Kambon (Kantana generic term for the horizontal crest mask)
The Kantana term for the horizontal wooden helmet or crest mask used in *Mangam* society performance, encompassing both buffalo and antelope sub-types.
In Kantana usage, kambon (also rendered zumu in some district dialects) denotes the wooden crest mask as an object-category, distinct from the name of the society (Mangam) that operates it. The term covers the full zoomorphic range of Kantana masquerade: bush-cow (buffalo) crests are the most numerous and the most widely represented in international collections, but antelope-type crests — depicting waterbuck and reedbuck, with differently configured horn geometry — constitute a documented secondary sub-type within the same formal and ritual framework. Both sub-types share the horizontal mounting convention, the sacrificial patina programme and the raffia-and-dried-grass costume that conceals the performer's body during dance. The distinction between sub-types is iconographically significant within the community, where different animal spirits carry different agricultural and protective associations, but has been systematically under-documented in Western collection records, where both forms are frequently catalogued simply as 'buffalo crest' or 'bush-cow mask'.

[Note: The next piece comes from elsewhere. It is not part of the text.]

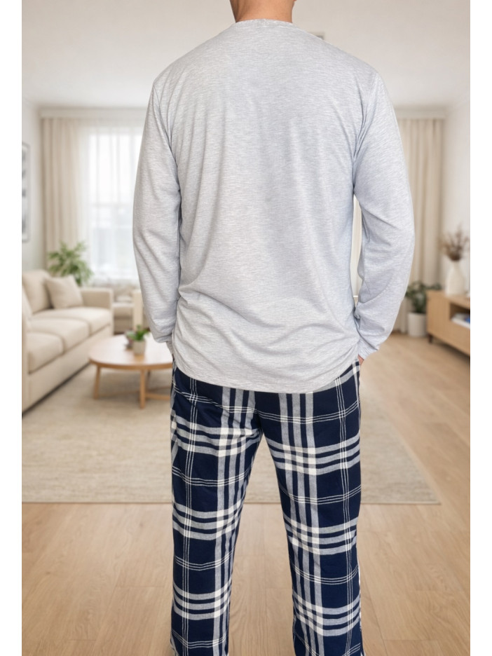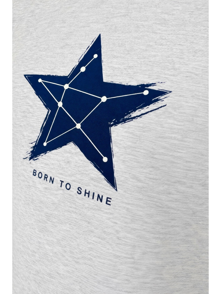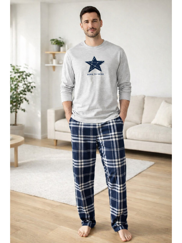 Мужская пижама со штанами Cosy 82728 от украинского бренда изготовленная их трикотажной ткани на основе хлопка. В комплект входит джемпер цвета меланж с длинными рукавами и округлой формой горловины. По центру джемпера изображена звезда с надписью "Born to Shine". Брюки прямого классического кроя на резинке в синюю клетку, по бокам штанов расположены карманы. Пижама выглядит очень презентабельно, ткань приятная к телу и не вызывает раздражение. Отличный подарок родному вам человеку.
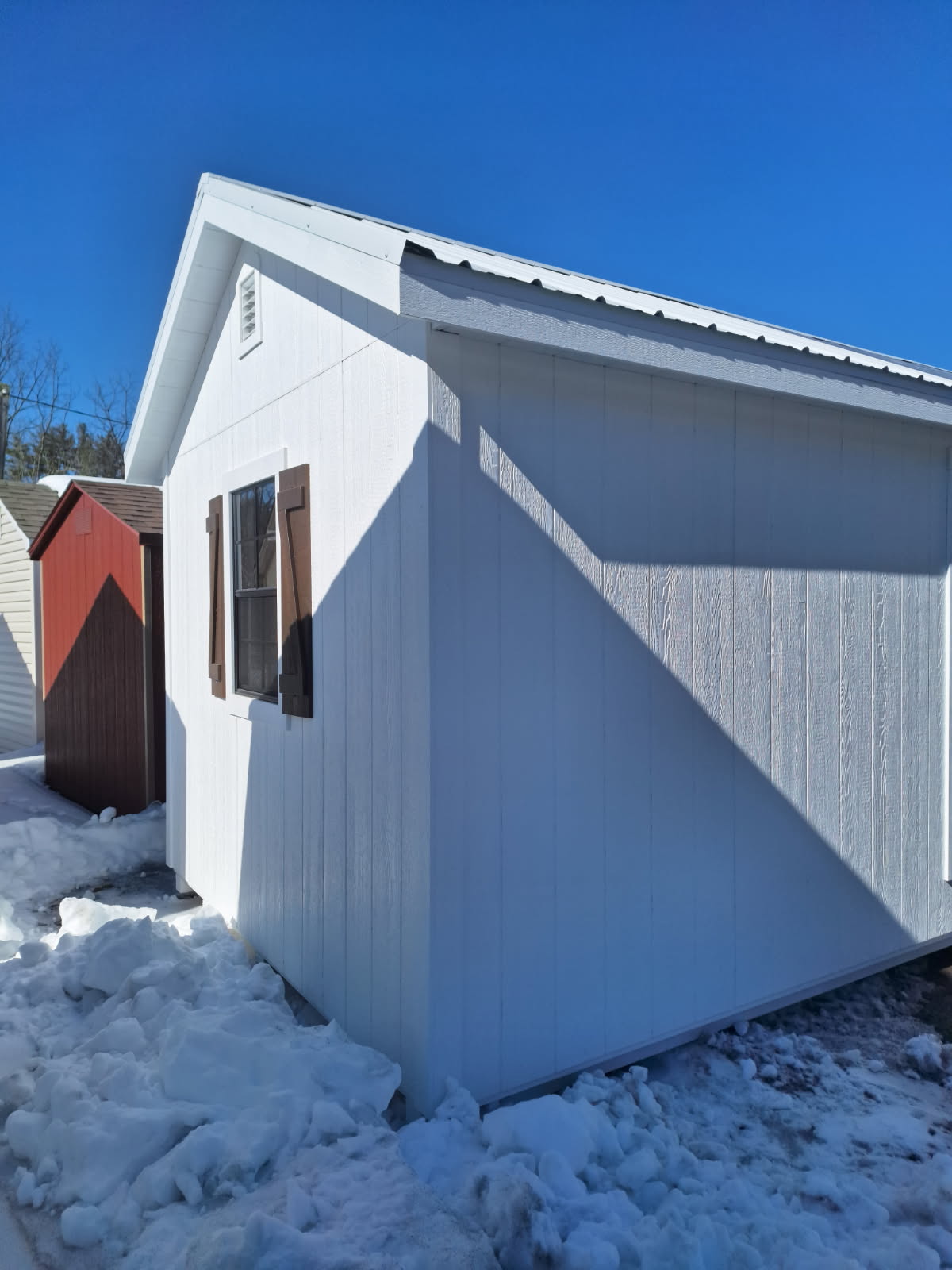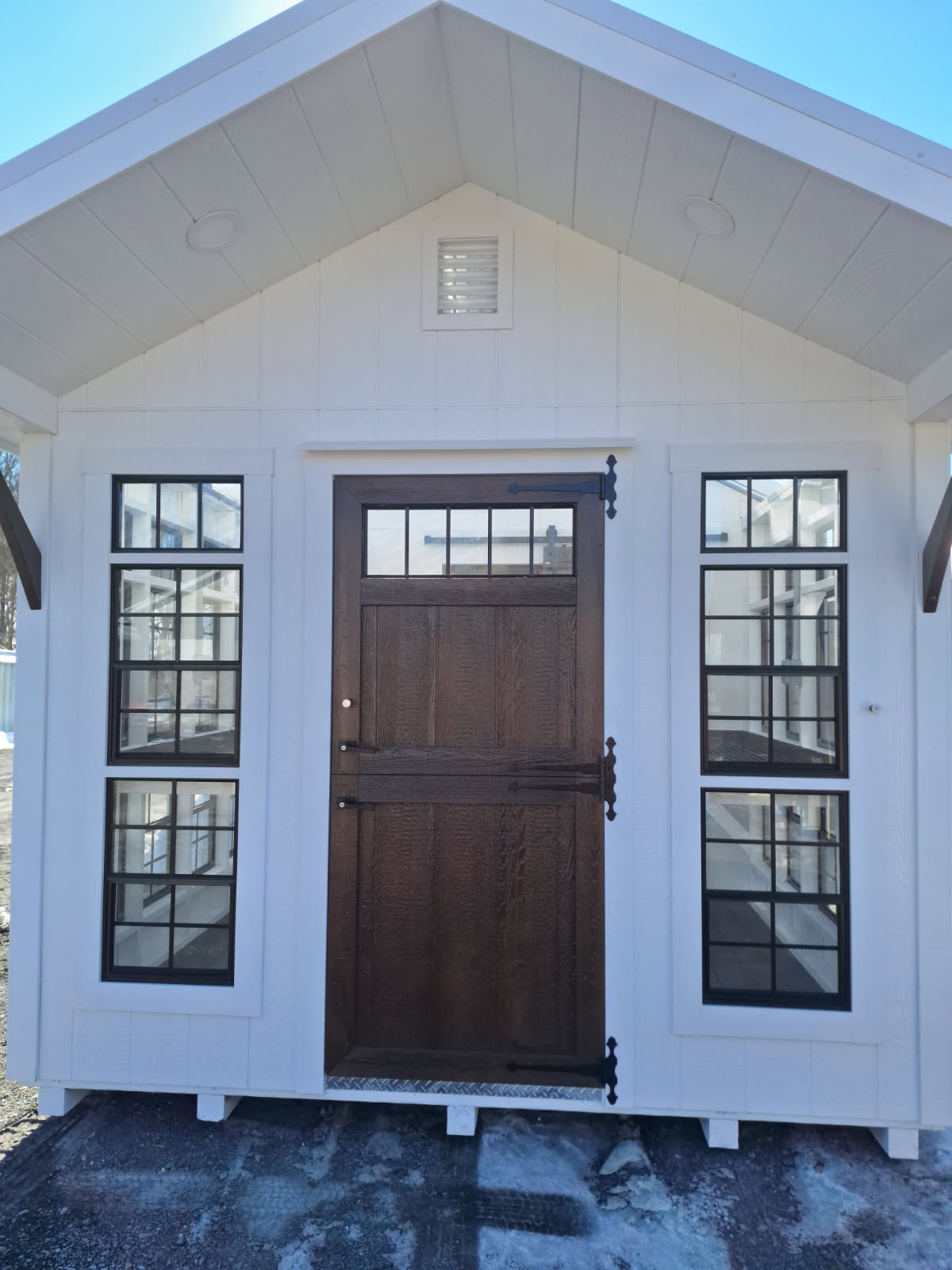 Includes:+LP Smart Siding(White), +White Trim, +Clear Suntuff Skylight Roof, +2 End Vents, +3' Transom Dutch Door, +6' Transom Double Door, (1) 18x27 Shed Window w/Shutter, Triple Stack Windows w/Transom Windows, + 2x4 Framing 16" OC, +4x4 PT Runners

The activation ceremony that converts a freshly carved kambon from a profane wooden object into a ritually potent entity involves libation at the village shrine or bush sanctuary: millet beer brewed specifically for the purpose, palm oil and red camwood powder are applied while specialist ritual prayers bind the spirit of the represented animal to the wood. This activation — and the complementary deactivation when diviners determine the object is spiritually exhausted — means that the kambon is understood not as a permanent sacred vessel but as a temporary dwelling for a spirit force. The practical consequence for the collector is that the patina is not merely aesthetic evidence of age but is, in the original community's understanding, the accumulated material record of the spirit's residence in the object.